Featured in: Savory Bites

This plant-based version of the beloved Italian classic brings together tender brown lentils with a traditional soffritto base of onions, carrots, and celery. The sauce simmers slowly with crushed tomatoes, fragrant garlic, and dried herbs until thick and rich. Each serving delivers 19 grams of protein while remaining completely vegan-friendly. The finished dish features perfectly cooked spaghetti topped with this robust, flavorful sauce that even meat-lovers will enjoy.

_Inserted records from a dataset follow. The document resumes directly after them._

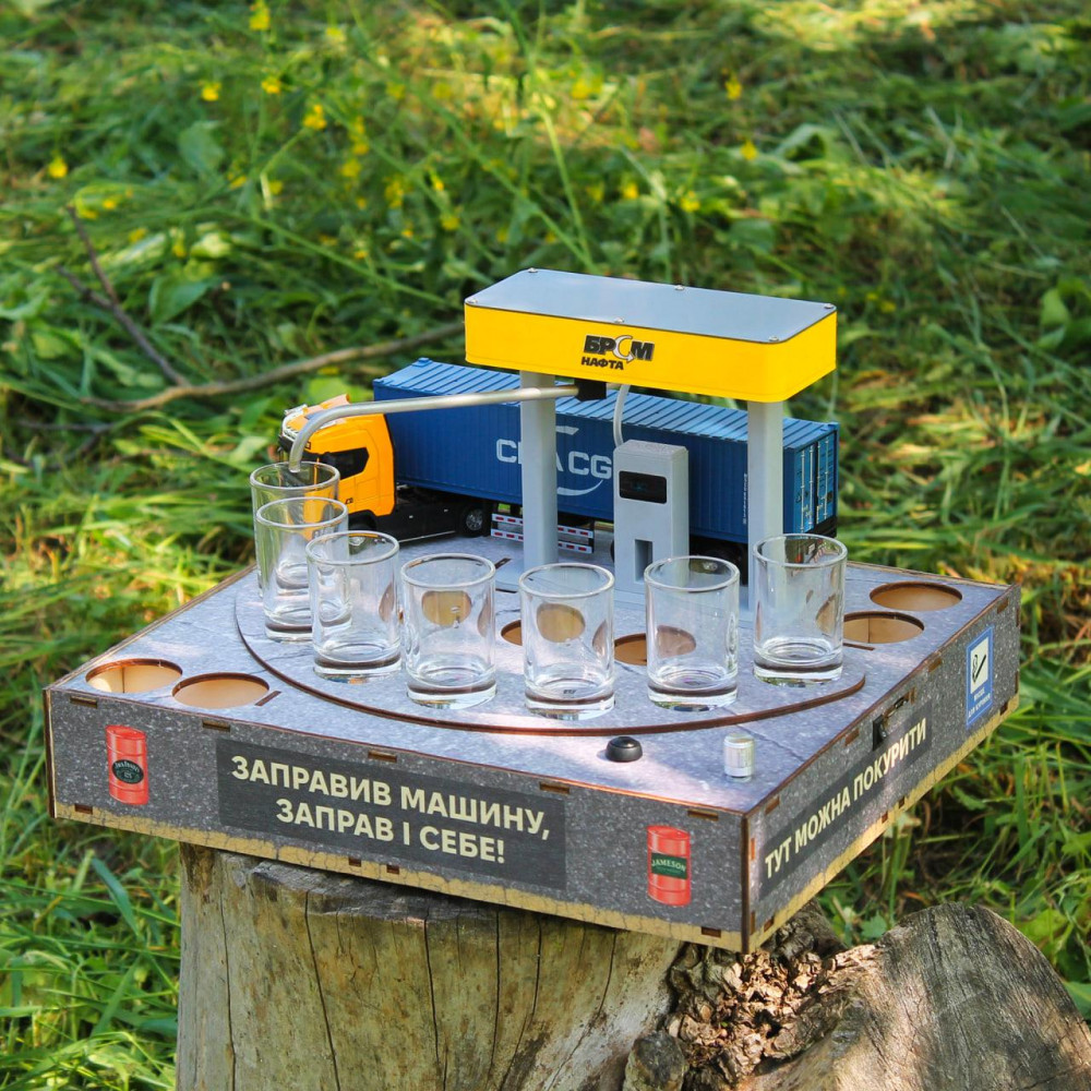 Наливатор у вигляді іграшки - АЗС БРСМ - це функціональний механічний пристрій, призначений для дозування спиртного. Апарат здійснює розлив напою, кількість рідини, що наповнюватиме ємність, регулюється. Наливатор стане оригінальним подарунком для любителів ексклюзиву. Характеристики: Дизайн: АЗС БРСМ Кількість чарок: 7 Об'єм чарок: 50 мл Живлення: USB-кабель Матеріал: пластик, фанера, шланга харчова Функції: Регулювання об'єму напою Додатково можна придбати: Гравірування на чарках Повербанк 5000 мА / 10000 мА Вбудований акумулятор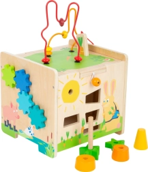 Ontdek de veelzijdige houten motorische kubus met konijnthema, die maar liefst vijf kanten vol plezier biedt. Kinderen genieten van een kralenlabyrint, vormenstoof, draaibare tandwielen en een xylofoon. Praktisch is de mogelijkheid om de kubus om te vormen tot een stoeltje en het bovenste deel met het labyrint veilig op te bergen. Geweldig voor de fijne motoriek, logisch denken en sensorische ontwikkeling van kinderen vanaf 12 maanden.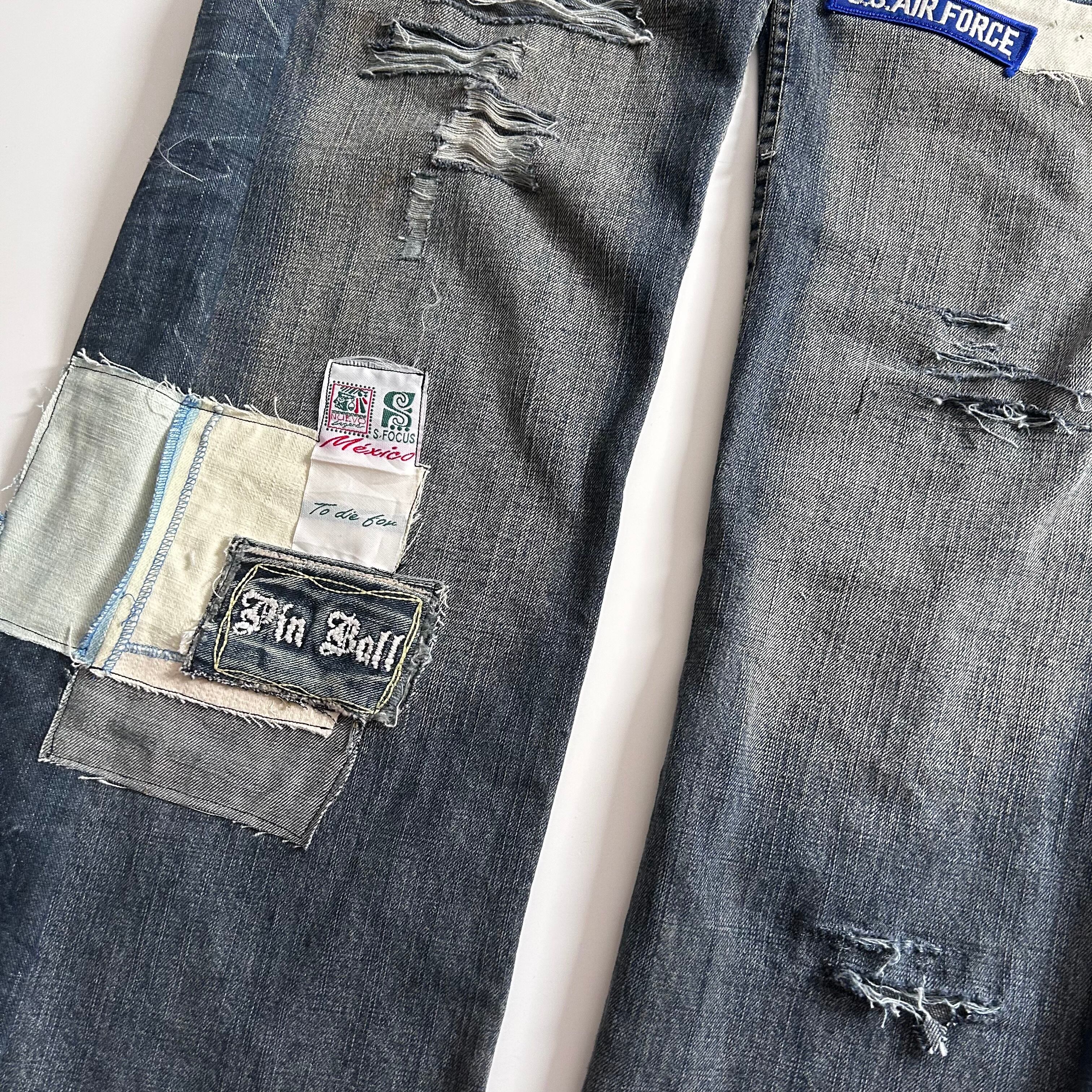 鬼渋 ドッキングワイドフレアデニム パッチワーク ダメージ加工 グランジ Y2K 極太 国旗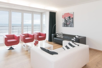Zeer ruim en rustig gelegen luxe 2-slaapkamerappartement op 50 meter van zee. Zeezicht vanuit de woonkamer. Alle comfort aanwezig. Hoekterras en garage. Digitale T.V. + Wi-Fi inbegrepen! Geen huisdieren toegelaten.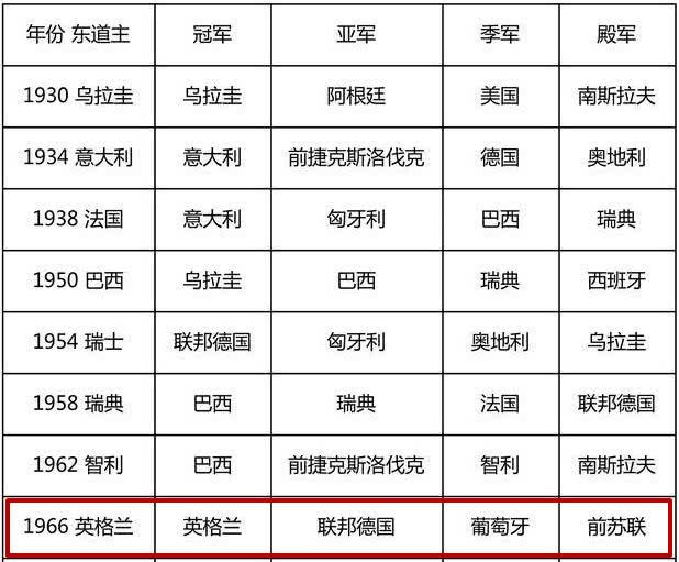 1958年、1962年、1966年、1970年、1982年、1986年和1990年世界杯决赛圈,30多年间只缺席过两次世界杯,并在1966年的世界杯获得历史最好成绩第四名。

Updated on Wed, 21 Jan 2026 10:07:00 GMT
A close-up of steaming Lentil Bolognese sauce generously coating al dente spaghetti, garnished with fresh basil. Save
A close-up of steaming Lentil Bolognese sauce generously coating al dente spaghetti, garnished with fresh basil. | cravebop.com

The first time I served this lentil bolognese to my Italian neighbor, she took three bites before asking what kind of meat I'd used. When I told her it was entirely plant-based, she actually laughed out loud. That's the thing about a well-made bolognese—it's not about the meat at all. It's about that deep, slow-cooked richness that makes you want to stand over the pot with a wooden spoon.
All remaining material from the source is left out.